China rolls to her feet, her teeth out, and Skeetah grabs her by her scruff as she lunges. He holds her still. He stands, looking calmly about the room.
“It’s water. It’s coming in the house,” Skeetah says.
“Ain’t no water coming in the house. Wood just getting a little damp from the rain,” Daddy says.
“It’s coming up through the floor,” says Skeetah.
“Ain’t nowhere for it to come from.” Daddy waves at the room, waves like he’s stopping one of us from giving him something he doesn’t want: his antibiotics, a letter from a teacher, a school fund-raising brochure.
“Look,” Randall says, and he walks over to the window facing the street and bends like an old man, peering out. “Lot of trees on the road.”
“But you don’t see no water,” Daddy says.
“No.”
Skeetah and China walk past Junior, who stands where Randall left him in front of the sofa. Junior is picking up each foot, setting it down; he looks at the bottoms as if he cannot believe that he has feet and that they are wet. He pulls his shorts away from him, but they stick anyway. Skeetah peers out of the window, with China next to him.

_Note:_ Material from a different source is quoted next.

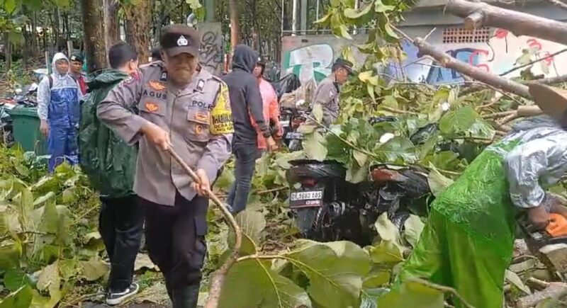 “Ini bagian dari upaya penanganan bencana alam, melalui UKL Kami hadir bersama sama dengan warga bergotong royong membersihkan material pohon tumbang sehingga tidak menghalangi aktifitas masyarakat,” Ucap Kapolsek.

“There,” Skeetah says. Randall and I run to the window at Skeetah’s side, but Junior is there first, and we are all over each other, our feet wet, the carpet a soaked sponge where we stand, Daddy looking at the window like it isn’t boarded up, like he can see through it.
There is a lake growing in the yard. It moves under the broken trees like a creeping animal, a wide-nosed snake. Its head disappears under the house where we stand, its tail wider and wider, like it has eaten something greater than itself, and that great tail stretches out behind it into the woods, toward the Pit. China barks. The wind ripples the water and it is coming for us.

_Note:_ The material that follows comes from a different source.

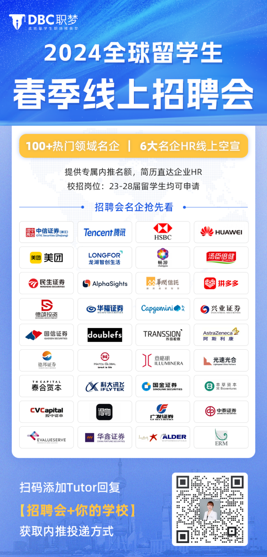 如果你已经添加过其他的Tutor 回复暗号即可领取福利,无需重复添加 为帮助广大留学生快人一步拿到Offer 2024 | 全球名企春季线上空宣会 覆盖金融、咨询、科技、快消等热门行业 开放300+留学生专属免费内推名额! 让你的简历跳过海投,一键直达HR *该名额仅提供给本公众号的用户,为独家福利 DBC职梦学员斩获Offer数量突破11165 张!DBC职梦将继续秉承“成就留学生职场精英梦”的初衷「求真务实」是我们整个企业一直践行的价值观,我们坚持1张1张的积累,杜绝任何环节的虚假增长。 |

There is water over my toes.
“The Pit,” Randall sighs.
Daddy gets up then, walks slowly over to the window, each bone bent the wrong way in each joint. Randall moves so Daddy can see out of the crack.
“No,” Daddy says.
I shift, and the water licks my ankles. It is cold, cold as a first summer swim. China barks, and when she jumps down from the window and bounces, there is a splash.
“Daddy?” Randall says. He puts his arm over Junior, who, cringing with his eyes wide, hugs Randall’s leg. But for once, Randall’s arm doesn’t look like metal, like ribbon, like stone; it bends at the elbow, soft, without muscle, and looks nothing but human.
“Daddy!” Junior squeals, but he buries his face in Randall’s hip, and Randall’s hip eats the end of the word. Junior rises an inch or so; he must be on his toes. The water is up to the middle of my calf.